As Android has defined each permission with its permission levels, some are required to be reviewed by the user, and some are not. Dangerous permissions are correlated with user’s privacy issues, which we would all consider it being a really dangerous factor when it comes up to detecting malware applications. In our research, we wanted to find out what features are being considered to be the main elements to detect malware applications, and proposed a way to follow. To detect malware applications, feature selection and a way to evaluate it needs to be done. With our data, feature selection was well done with the Relief Attribute Evaluator method, and malware detection was done well with LSTM. However, we emphasize that this combination varies with the character of the dataset. Selected features were closely related to the user’s privacy and device, but most of the permissions were not required to be reviewed by the user. Four levels of protection level are classified by the Android Google Homepage, but they are divided into developer-friendly ways. Users must understand that other levels can also be dangerous, and change their view of understanding the protection level. Therefore, in our perspective, we view selected features as the same level, and define it “Risky”.

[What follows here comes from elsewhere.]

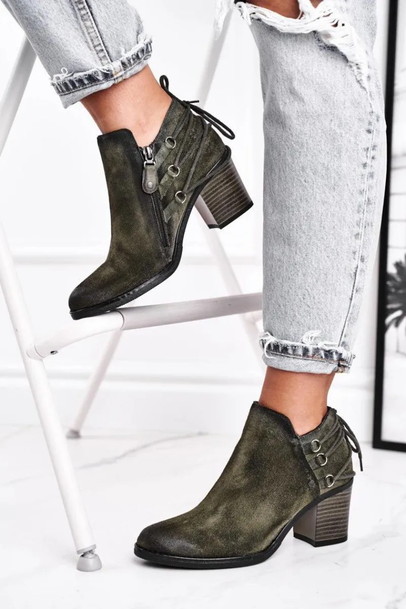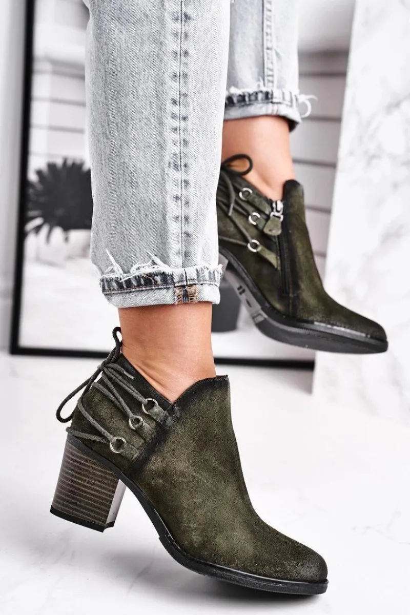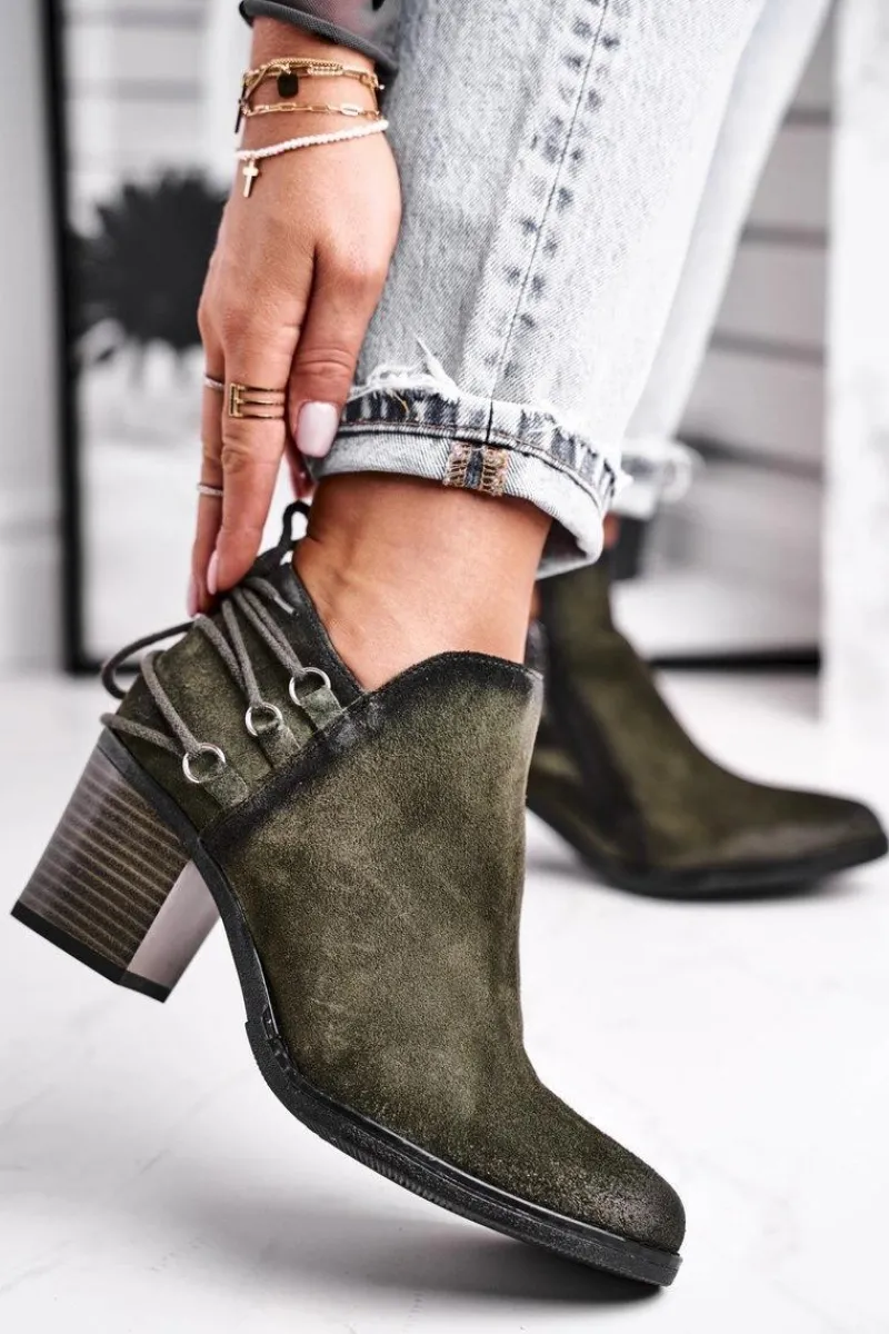 Discount Botki Damskie Na Słupku Wiosenne Skóra Oliwkowe 04812-24 Damskie Botki Wiosenne|Botki Maciejka

Our study was to investigate important features and see how these feature’s protection level was organized by the developer’s view. How we defined some permissions as “Risky” is just a start of defining them in the user’s view. In future work, some user-friendly views should be made, and we would like to categorize the views in more detail. Usability studies and empirical analysis should be conducted to fully understand the user’s view. Dividing up permissions with the user’s view would be another challenge coming up.